Борис расхохотался, закинув голову к звездам. Он теперь снова думал напряженно, до стука в висках и пота на лбу, но не было больше паники в мыслях, страха за себя; он просто не хотел утерять нить.
“Вот так оно и получается. Мы вынуждены обобщать, сиречь усреднять и тем сводить сложное к простому, разнообразнейшую реальность к упрощенной модели. Кто ловчее это сделает, тот большой кусок мира охватит мыслью, больше поймет - и лучше жить будет… Так было испокон веков, так и сейчас: чем сложнее и обильнее разнообразная информация о мире, тем сильнее потуги обобщить ее в нечто единообразное. Иначе нельзя, запутаемся…
Но сакраментально то, что на этом-то стремлении мы и запутались, стали принимать это свойство нашего мозга, нашего ограниченного ума, стремящегося обобщить-упростить модель мира, за объективную простоту мира. Мы можем понять только достаточно простое и определенное: и посему нам хочется, ужасно хочется, чтобы все было простым и определенным, чтоб по Аристотелевой логике, где третьего не дано… хотя знаем ведь, что бывает дано и третье, и седьмое, и надцатое. И вот это желание простоты - общее и всеохватывающее - мы принимаем за действительную простоту мира; ну, хоть не в проявлениях, так в своих основах он должен быть определен и прост. Он обязан таким быть!” Чекан, сам того не замечая, шагал по середине пустого шоссе в сторону Катагани. За рекой бледнело небо и блекли на фоне его огни ночного города.

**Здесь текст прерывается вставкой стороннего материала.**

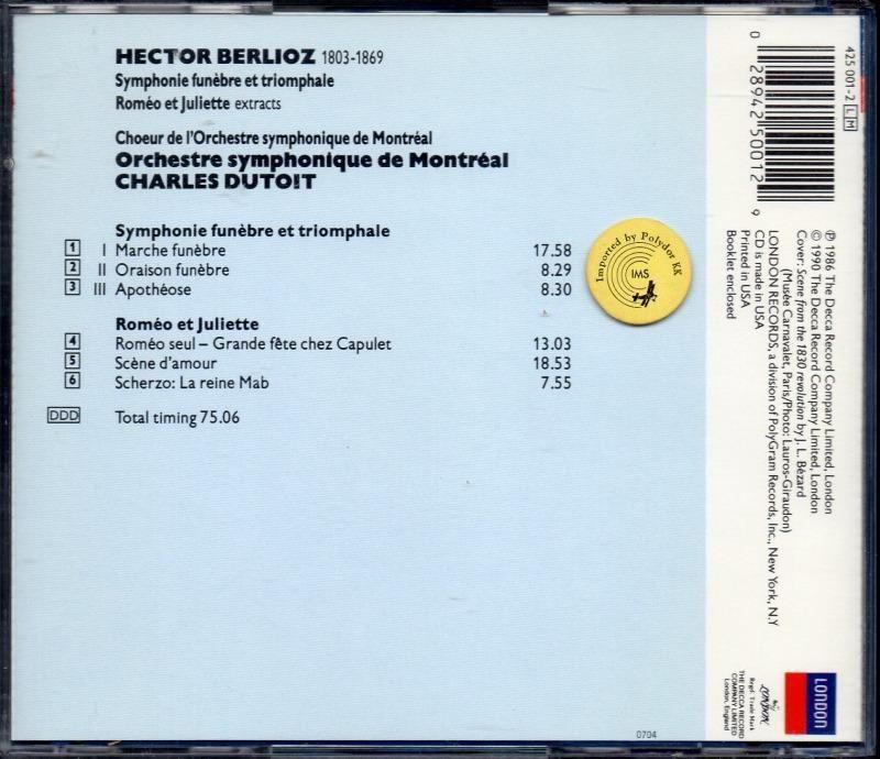 ベルリオーズ:葬送と勝利の大交響曲,ロメオとジュリエット抜粋 デュトワ=OSM (DECCA)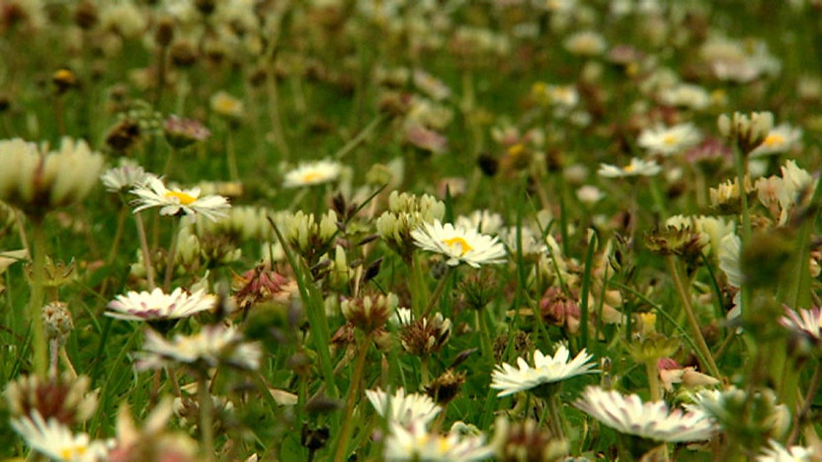 Bill Oddie visits the habitat for which the Outer Hebrides is famous - the machair. It's a Gaelic word that means 'extensive low-lying fertile plain'. Machair is unique - it is found nowhere else in the world. It is not a natural landscape - it has been created by man through farming. But fortunately, it's what Bill calls 'old fashioned farming' - which makes it perfect for birds and flowers. There are carpets of yellow and white flowers - buttercups, daisies and Bill's favourite plant in the area, cottongrass. The cottongrass is at its best now, looking like cotton wool on a stalk. Field pansies are the wild version of the ones you get in your garden. Bees are busy on the machair - and they are all types of bumblebee. It's a botanical wonderland, and also a nesting place for corncrakes.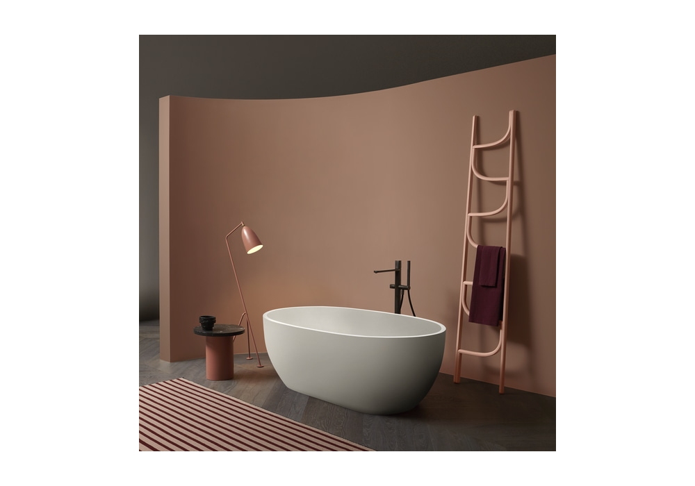 Reflexlight von Antonio Lupi entworfen, ist eine ovale Badewanne aus Flumood, außen lackierbar, aus Colormood, innen und außen lackierbar, komplett mit Abfluss mit unsichtbarem automatischen Überlauf, Siphon und flexiblem Schlauch.
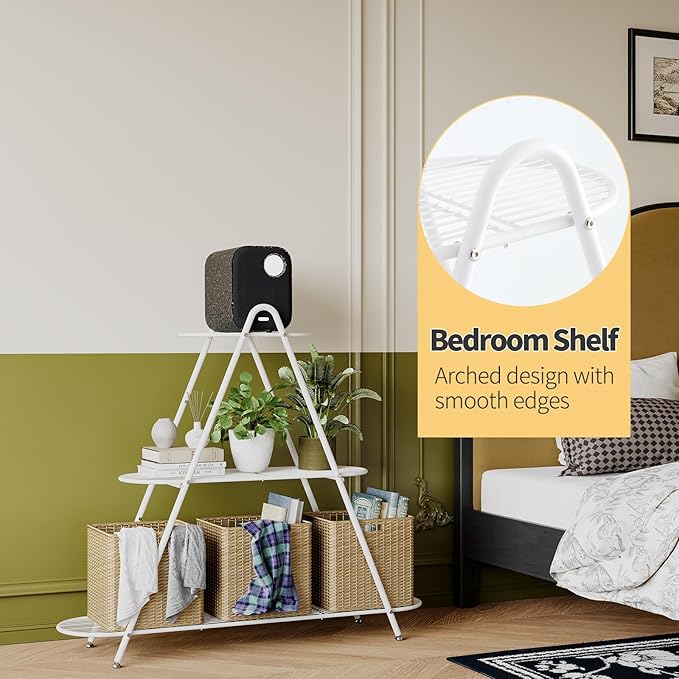 - 【Space-Saving & Aesthetic Design】 Three-tier design maximizes vertical space—ideal for plants, baskets, decor, and more, create your ideal living corner

“А между тем мир нам решительно ничем не обязан. Какой есть, такой и ладно, на том скажите спасибо. Это мы ему всем обязаны!… То есть нет оснований полагать, что устроен он просто и разумно, что он вообще “устроен”. Больше того, нельзя даже утверждать категорически, что он существует. Да, да, как это ни неприятно для нашего ограниченного рассудка, но третье дано: наш мир и существует, и не существует, он непрерывно возникает, исчезает, возникает снова… когда таким же, как был, когда слегка измененным, а когда и вовсе набекрень. Ведь понятие “существует” (что и говорить, наши понятия также продукт нашей ограниченности!) строго применимо только к застывшему, неменяющемуся, ибо всякое изменение есть крен в сторону несуществования того, что было… Он не очень-то приятен для теоретического мышления, этот наш мир, который существует-не-существует, в котором ничто не задано строго в предыдущем, в котором не всегда уместны “потому что” и иные логические приемы, в котором противоречия всегда в борьбе и редко в единстве… словом, такой диалектический мир, что хоть ложись и помирай!” “И они померли, эти трое.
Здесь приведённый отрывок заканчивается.